The Roth IRA offers a number of advantages over its traditional counterpart. These include:

  • Tax-free distributions at retirement
  • Ability to continue making contributions beyond age 70-1/2
  • No required minimum distributions beginning in the year you turn 70-1/2
  • Leaving assets to survivors that are free from income taxes

retirement-cash-fund

Details on eligibility to convert a traditional IRA to a Roth IRA.

  • For years before 2010, if your filing status is married filing separately, you don’t qualify unless you lived apart from your spouse for the entire year.
  • For years before 2010, if your modified adjusted gross income is greater than $100,000, you can’t convert a traditional IRA to a Roth IRA.
  • For years before 2008, direct conversions from an employer plan to a Roth IRA were not permitted. You can do that now, but in some situations it may be preferable to roll to a traditional IRA and then convert to a Roth IRA.
  • If you inherited a traditional IRA from a person other than your spouse, you can’t convert it to a Roth IRA.
  • You can convert a traditional IRA to a Roth IRA even if you made a rollover within the previous 12 months.
  • If you’re otherwise eligible, you can convert part of a traditional IRA to a Roth IRA. But you can’t convert only the nontaxable part.

Assets converted to a Roth IRA must remain in the account for at least five years before any distributions are taken. Otherwise, a significant tax penalty may apply.

You’ll maximize the potential for tax-free income later if you pay conversion taxes out of pocket, rather than withdrawal them from your IRA. If you can’t pay conversion taxes without using part of your IRA funds, you probably shouldn’t convert unless you are certain you will be in a high tax bracket during retirement.
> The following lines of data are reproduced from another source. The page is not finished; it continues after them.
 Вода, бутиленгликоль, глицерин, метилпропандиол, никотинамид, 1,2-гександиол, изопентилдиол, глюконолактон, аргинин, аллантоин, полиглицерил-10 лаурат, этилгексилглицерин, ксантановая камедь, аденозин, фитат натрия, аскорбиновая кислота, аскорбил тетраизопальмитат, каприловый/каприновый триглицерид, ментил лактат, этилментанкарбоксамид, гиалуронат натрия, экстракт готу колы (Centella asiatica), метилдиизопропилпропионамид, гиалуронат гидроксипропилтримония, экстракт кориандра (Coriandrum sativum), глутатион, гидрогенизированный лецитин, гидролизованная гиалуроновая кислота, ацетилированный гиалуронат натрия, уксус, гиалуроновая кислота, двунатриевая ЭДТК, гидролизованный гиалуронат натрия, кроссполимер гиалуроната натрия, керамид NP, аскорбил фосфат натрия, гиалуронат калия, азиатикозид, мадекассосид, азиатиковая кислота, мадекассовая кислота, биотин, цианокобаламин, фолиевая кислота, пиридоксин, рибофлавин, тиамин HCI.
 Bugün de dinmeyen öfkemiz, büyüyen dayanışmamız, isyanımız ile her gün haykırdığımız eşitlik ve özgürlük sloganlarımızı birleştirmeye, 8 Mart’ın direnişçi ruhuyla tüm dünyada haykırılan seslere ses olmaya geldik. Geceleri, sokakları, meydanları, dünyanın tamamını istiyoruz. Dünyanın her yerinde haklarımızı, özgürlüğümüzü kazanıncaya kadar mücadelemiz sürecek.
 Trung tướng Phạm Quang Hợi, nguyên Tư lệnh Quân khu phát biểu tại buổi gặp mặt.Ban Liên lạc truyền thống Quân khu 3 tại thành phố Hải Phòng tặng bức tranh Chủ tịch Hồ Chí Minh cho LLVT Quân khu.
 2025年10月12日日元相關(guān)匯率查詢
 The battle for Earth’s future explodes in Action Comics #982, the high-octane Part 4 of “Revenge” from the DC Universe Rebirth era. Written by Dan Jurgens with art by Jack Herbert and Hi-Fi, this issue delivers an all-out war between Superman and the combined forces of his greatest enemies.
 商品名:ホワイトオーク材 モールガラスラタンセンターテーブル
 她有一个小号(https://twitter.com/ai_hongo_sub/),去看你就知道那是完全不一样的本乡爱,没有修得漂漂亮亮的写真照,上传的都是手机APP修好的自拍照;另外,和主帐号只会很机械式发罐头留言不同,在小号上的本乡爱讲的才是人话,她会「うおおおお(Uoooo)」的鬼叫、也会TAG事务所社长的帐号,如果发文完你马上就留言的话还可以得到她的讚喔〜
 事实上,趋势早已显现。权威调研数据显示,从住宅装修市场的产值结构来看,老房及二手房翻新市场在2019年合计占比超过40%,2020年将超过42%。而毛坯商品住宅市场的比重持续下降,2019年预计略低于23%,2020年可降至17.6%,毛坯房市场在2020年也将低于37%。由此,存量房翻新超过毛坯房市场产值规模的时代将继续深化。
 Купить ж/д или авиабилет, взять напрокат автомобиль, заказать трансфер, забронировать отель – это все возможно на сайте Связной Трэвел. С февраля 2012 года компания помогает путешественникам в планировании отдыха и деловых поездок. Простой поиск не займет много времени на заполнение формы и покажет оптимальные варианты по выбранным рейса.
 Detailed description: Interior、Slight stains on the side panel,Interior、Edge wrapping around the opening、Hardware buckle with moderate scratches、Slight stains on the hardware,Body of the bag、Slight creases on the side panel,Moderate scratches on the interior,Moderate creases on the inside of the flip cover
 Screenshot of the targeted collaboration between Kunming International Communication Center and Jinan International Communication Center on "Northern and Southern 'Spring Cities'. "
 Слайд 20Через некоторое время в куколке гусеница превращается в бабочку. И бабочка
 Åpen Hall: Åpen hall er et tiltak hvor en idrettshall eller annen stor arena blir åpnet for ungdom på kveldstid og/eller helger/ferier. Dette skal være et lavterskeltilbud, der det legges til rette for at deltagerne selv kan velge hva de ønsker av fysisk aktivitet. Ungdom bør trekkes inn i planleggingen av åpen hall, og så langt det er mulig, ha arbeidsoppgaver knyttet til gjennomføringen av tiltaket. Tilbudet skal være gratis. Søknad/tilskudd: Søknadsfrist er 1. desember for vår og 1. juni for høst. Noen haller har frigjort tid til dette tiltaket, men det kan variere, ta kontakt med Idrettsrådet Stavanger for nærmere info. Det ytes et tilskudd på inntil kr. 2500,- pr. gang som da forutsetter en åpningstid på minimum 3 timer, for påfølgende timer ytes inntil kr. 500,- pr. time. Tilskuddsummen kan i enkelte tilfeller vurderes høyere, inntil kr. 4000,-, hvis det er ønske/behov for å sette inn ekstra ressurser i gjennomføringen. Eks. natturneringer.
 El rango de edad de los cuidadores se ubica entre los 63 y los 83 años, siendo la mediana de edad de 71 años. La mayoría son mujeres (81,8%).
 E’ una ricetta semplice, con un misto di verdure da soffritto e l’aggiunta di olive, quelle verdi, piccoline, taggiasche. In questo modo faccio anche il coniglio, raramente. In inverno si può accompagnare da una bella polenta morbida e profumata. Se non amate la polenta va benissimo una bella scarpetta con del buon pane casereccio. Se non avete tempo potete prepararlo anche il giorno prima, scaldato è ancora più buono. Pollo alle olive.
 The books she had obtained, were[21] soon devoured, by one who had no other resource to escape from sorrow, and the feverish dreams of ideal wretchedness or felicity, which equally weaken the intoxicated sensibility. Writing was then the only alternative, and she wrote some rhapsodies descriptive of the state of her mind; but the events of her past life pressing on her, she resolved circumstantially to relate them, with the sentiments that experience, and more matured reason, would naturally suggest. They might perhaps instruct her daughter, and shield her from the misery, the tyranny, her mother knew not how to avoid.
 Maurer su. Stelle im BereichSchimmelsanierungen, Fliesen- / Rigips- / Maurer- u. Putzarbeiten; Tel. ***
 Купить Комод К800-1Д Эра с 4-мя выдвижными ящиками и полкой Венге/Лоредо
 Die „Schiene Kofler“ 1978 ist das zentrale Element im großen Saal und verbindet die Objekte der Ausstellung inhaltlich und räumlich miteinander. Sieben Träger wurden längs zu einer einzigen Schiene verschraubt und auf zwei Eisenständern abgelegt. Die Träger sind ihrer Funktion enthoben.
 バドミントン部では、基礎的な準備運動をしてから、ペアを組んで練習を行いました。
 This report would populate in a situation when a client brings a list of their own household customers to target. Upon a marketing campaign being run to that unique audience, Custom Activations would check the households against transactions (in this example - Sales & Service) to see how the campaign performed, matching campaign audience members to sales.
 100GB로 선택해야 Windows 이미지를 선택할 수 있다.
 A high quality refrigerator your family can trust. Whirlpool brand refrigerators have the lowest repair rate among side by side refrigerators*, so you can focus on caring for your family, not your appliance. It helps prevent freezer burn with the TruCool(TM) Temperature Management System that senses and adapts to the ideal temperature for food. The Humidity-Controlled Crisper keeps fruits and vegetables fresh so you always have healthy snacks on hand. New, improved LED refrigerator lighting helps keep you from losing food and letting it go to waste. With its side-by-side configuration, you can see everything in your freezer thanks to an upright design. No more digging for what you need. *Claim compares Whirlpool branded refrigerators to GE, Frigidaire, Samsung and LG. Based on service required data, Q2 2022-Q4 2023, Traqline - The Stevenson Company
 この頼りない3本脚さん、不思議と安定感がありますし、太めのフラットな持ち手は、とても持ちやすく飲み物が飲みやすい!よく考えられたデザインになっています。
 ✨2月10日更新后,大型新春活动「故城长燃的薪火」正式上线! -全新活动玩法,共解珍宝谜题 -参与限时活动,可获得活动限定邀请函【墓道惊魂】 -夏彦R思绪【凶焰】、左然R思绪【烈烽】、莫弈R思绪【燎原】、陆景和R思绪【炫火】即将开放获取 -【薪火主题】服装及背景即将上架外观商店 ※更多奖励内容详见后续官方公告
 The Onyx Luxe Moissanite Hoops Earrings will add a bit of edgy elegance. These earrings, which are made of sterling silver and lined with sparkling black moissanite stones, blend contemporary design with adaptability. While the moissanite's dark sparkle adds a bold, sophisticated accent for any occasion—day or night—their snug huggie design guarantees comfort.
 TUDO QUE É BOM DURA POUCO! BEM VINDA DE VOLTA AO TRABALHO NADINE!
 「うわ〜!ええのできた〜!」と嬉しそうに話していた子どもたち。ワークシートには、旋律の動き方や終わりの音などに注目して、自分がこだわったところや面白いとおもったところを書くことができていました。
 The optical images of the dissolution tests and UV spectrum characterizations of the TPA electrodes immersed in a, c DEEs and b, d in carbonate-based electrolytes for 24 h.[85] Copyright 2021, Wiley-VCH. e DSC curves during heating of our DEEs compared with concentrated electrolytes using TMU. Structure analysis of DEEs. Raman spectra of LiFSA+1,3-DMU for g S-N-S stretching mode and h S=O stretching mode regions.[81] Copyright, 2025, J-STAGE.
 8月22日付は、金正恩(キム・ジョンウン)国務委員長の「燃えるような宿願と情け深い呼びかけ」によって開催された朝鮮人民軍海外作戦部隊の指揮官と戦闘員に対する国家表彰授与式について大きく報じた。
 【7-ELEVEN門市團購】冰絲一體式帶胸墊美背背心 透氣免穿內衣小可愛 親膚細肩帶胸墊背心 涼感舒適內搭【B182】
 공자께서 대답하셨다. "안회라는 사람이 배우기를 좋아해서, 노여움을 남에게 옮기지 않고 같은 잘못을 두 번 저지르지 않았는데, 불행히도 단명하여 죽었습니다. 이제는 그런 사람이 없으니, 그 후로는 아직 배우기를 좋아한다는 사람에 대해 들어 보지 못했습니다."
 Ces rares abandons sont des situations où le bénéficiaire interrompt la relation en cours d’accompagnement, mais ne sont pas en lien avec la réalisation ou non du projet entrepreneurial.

Non-Stock Market Income Generating Alternatives

There are three basic categories of investments: conservative, moderate and
aggressive.

alternative investment types

Aggressive instruments are those primarily invested in for growth. As the chart shows, they include things such as common stock, stock mutual funds, speculative real estate and commodities. Again, these are typically invested in for growth or capital appreciation, not income. They’re considered “aggressive” in part because it’s a simple fact that sometimes when you invest for gains you get losses instead – or that growth sometimes ends up being shrinkage.